How to unpack a dictionary of list (of dictionaries!) and return as grouped tuples?

Roberto picture Roberto · Nov 14, 2016 · Viewed 9.1k times · Source

I have a data structure consisting of mixed dictionaries and lists. I am trying to unpack this so as to get tuples of the keys and all sub-values for each key.

I am working with list comprehensions, but just not getting it to work.
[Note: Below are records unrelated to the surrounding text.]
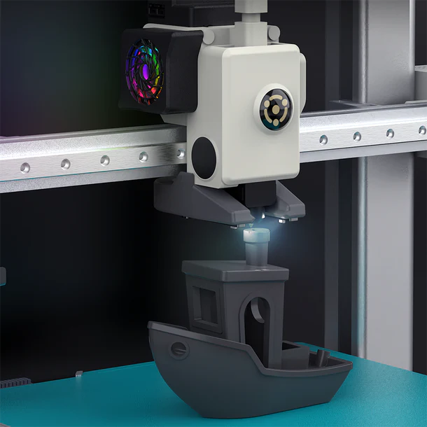 Blæseren er udstyret med dedikeret dysebelysning, som enten kan følge RGB-lyset eller give justerbart hvidt lys – ideelt til overvågning af første lag, vedhæftning og printdetaljer i realtid.
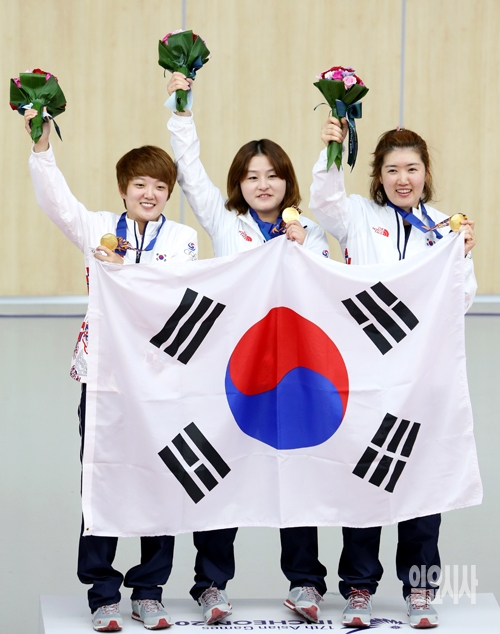 22일 인천 옥련국제사격장에서 열린 2014 인천 아시안게임 사격 여자 25m 권총 단체전 시상식에서 김장미(왼쪽부터), 이정은, 곽정혜가 금메달을 수상한 뒤 관중들의 환호에 답하고 있다.
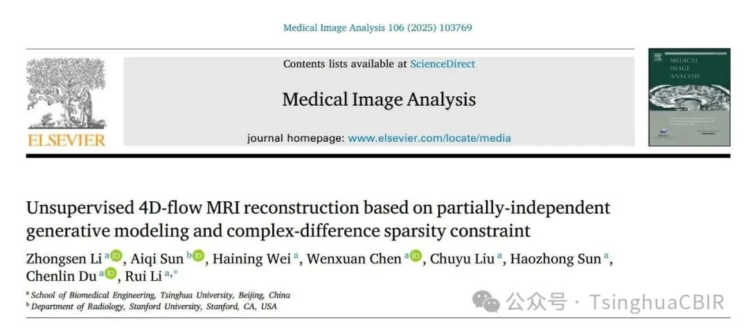 近期,清华大学生物医学工程学院生物医学影像研究中心在医学影像领域顶级期刊《Medical Image Analysis》上发表题目为“Unsupervised 4D-flow MRI reconstruction based on partially-independent generative modeling and complex-difference sparsity constraint”的论文
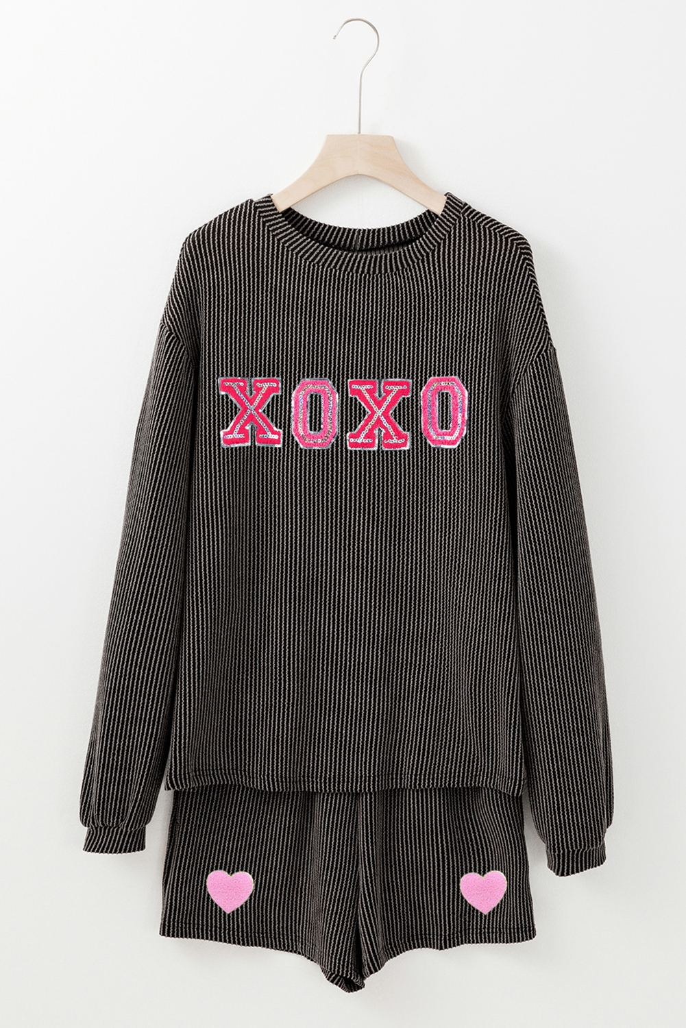Karbonově šedá sada šortek XOXO s dlouhým rukávem se šňůrkou
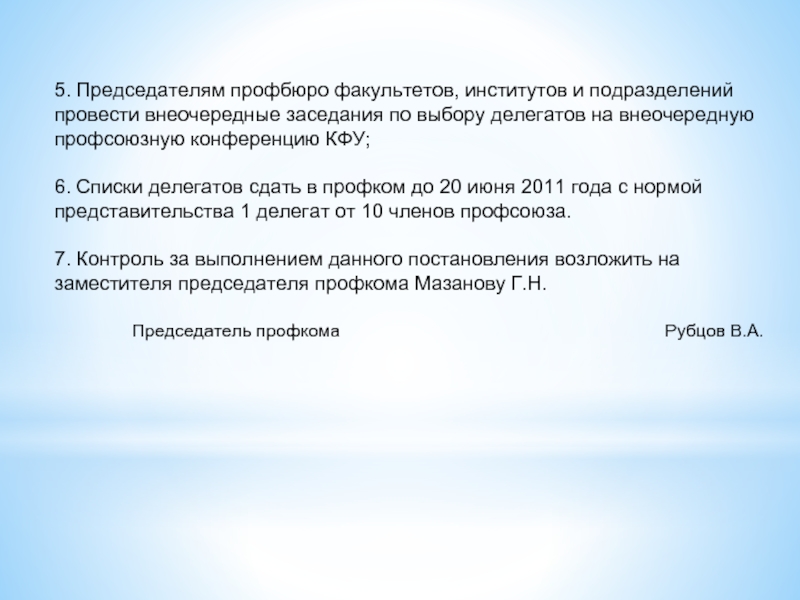 7. Контроль за выполнением данного постановления возложить на заместителя председателя профкома Мазанову Г.Н.
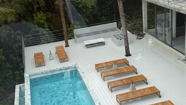 Enjoy a refreshing swim in the stunning infinity-edge pool, seamlessly blending with the lush jungle hillside, completely secluded from prying eyes.
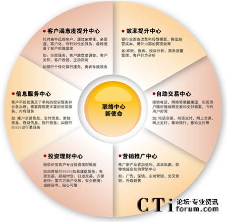 對于銀行業(yè)來說,聯(lián)絡(luò)中心已經(jīng)成為為客戶提供優(yōu)質(zhì)、快捷的金融理財(cái)服務(wù)的第二窗口。隨著電子化建設(shè)的不斷深入,寬帶、Internet和3G時(shí)代帶來的IP融合,聯(lián)絡(luò)中心為金融服務(wù)帶來了更廣泛的創(chuàng)新,未來的銀行聯(lián)絡(luò)中心將為客戶提供的金融服務(wù)趨于無所不能。銀行聯(lián)絡(luò)中心已經(jīng)成為自助交易中心、投資理財(cái)中心、營銷推廣中心和信息服務(wù)中心,借助聯(lián)絡(luò)中心,銀行與客戶可以隨時(shí)隨地建立緊密的多媒體互動,提升客戶滿意度和服務(wù)效率。
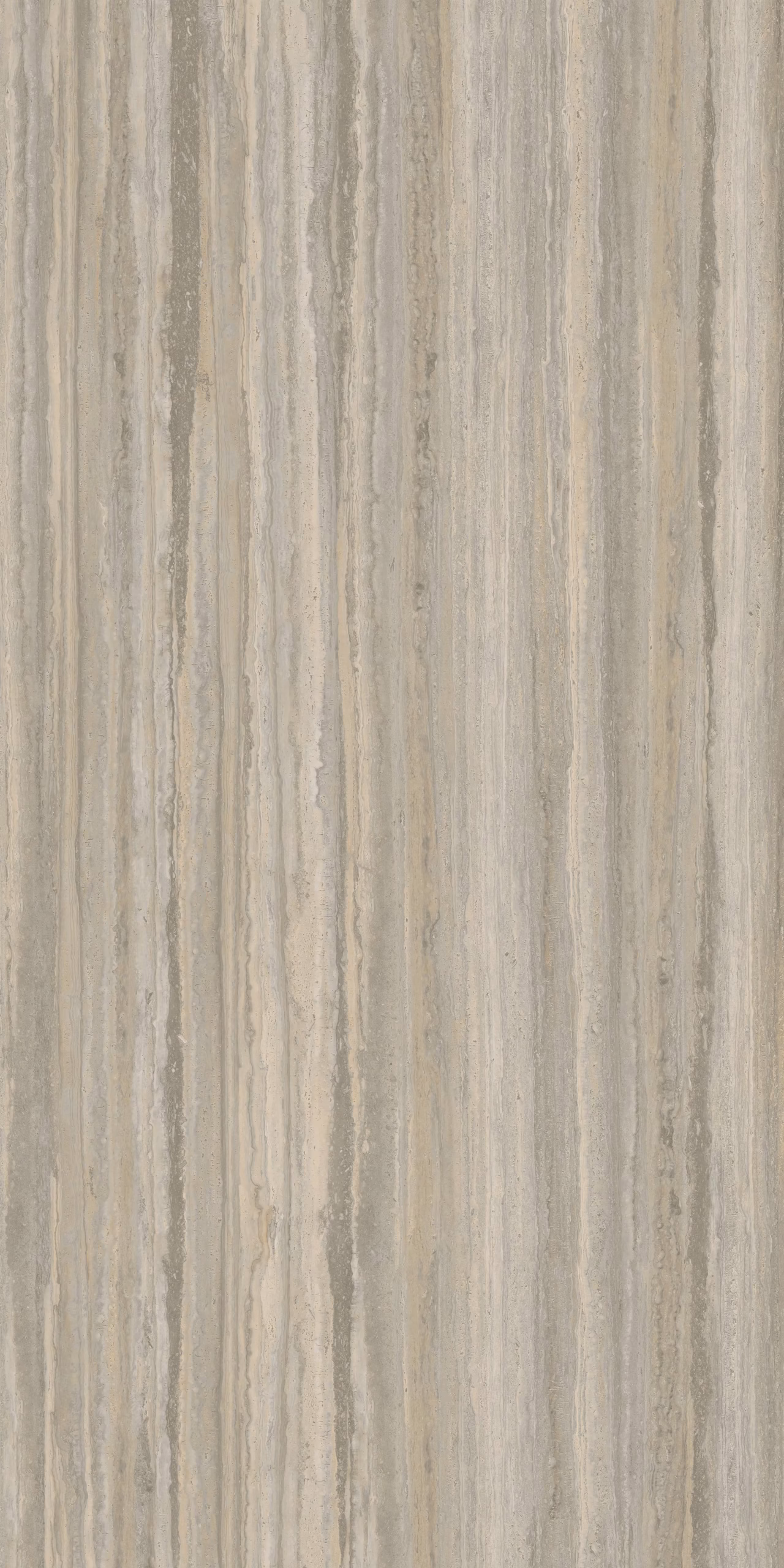 Laminam I Naturali Travertino Grigio Venato (Bush Hammered) is een hoogwaardig keramisch oppervlak uit de I Naturali-collectie van Laminam dat de subtiele elegantie van natuurlijk grijs travertijn vertaalt naar grootformaat porseleinen platen. Het design toont een zachte grijs-beige achtergrond met fijne, lichtgekleurde aders die visueel doorlopen over het oppervlak en een harmonieuze, natuurlijke uitstraling geven die zowel klassieke als moderne interieurs versterkt. De Bush Hammered afwerking voegt een tactiele structuur toe en zorgt voor een antislip R10-karakter, wat het materiaal ook geschikt maakt voor natte ruimtes zoals badkamers of terrassen. Travertino Grigio Venato is duurzaam, onderhoudsarm en ideaal toepasbaar voor vloeren, wanden, gevels en werkbladen — binnen en buiten — met een tijdloze esthetiek geïnspireerd op echte travertijnsteen.
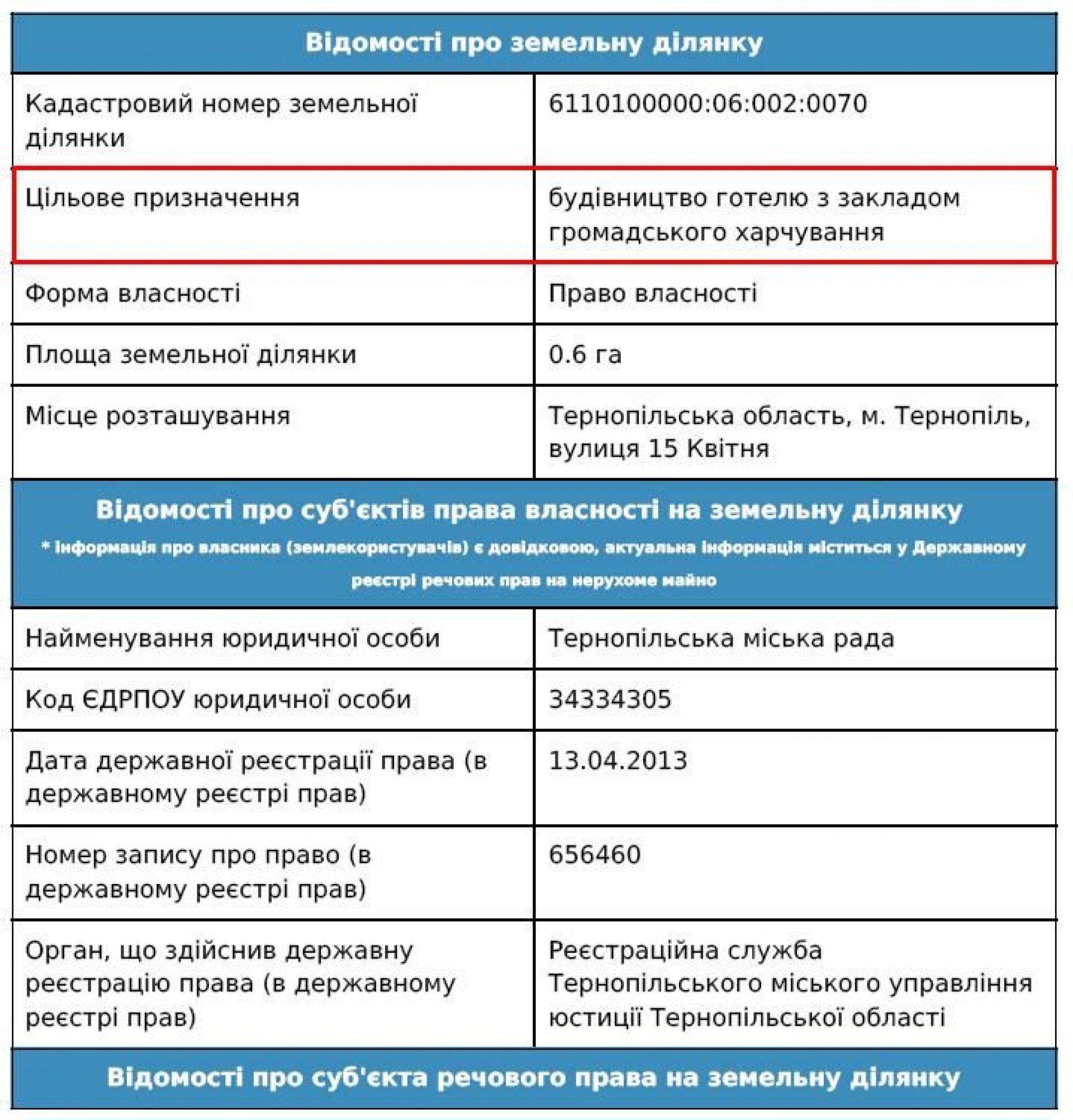 Проте, як ми вже раніше писали, 0,6 га паркової землі міськрада ще у 2013 році вивела з парку Нацвідродження та передала в розпорядження комунальному підприємству «Тернопільбудінвестзамовник» для будівництва еко-готелю.

Where am I going wrong?

I saw many other answers about unpacking a list-of-lists (e.g. 1,2), but could not find an example where a single key unpacks against multiple sub-values.

  • desired output --> [('A',1,2),('B',3,4)]
  • actual output --> [('A',1), ('A',2), ('B',3), ('B',4)]

code:

dict_of_lists = {'A':[{'x':1},{'x':2}], 'B':[{'x':3},{'x':4}] }
print [(key,subdict[subkey],) for key in dict_of_lists.keys() for subdict in dict_of_lists[key] for subkey in subdict.keys()]

Answer

Christian Dean picture Christian Dean · Nov 14, 2016

When list comprehensions become

  • long
  • unclear/hard to read
  • and most importantly, do not work

ditch them and go with the manual for loop(s) every time:

Python 2.x

def unpack(d):
    for k, v in d.iteritems():
        tmp = []
        for subdict in v:
            for _, val in subdict.iteritems():
                tmp.append(val)
        yield (k, tmp[0], tmp[1])


print list(unpack({'A':[{'x':1},{'x':2}], 'B':[{'x':3},{'x':4}] }))

Python 3.x

def unpack(d):
        for k, v in d.items():
            tmp = []
            for subdict in v:
                for _, val in subdict.items():
                    tmp.append(val)
            yield (k, *tmp) # stared expression used to unpack iterables were
                            # not created yet in Python 2.x                

print(list(unpack({'A':[{'x':1},{'x':2}], 'B':[{'x':3},{'x':4}] })))

Output:

[('A', 1, 2), ('B', 3, 4)]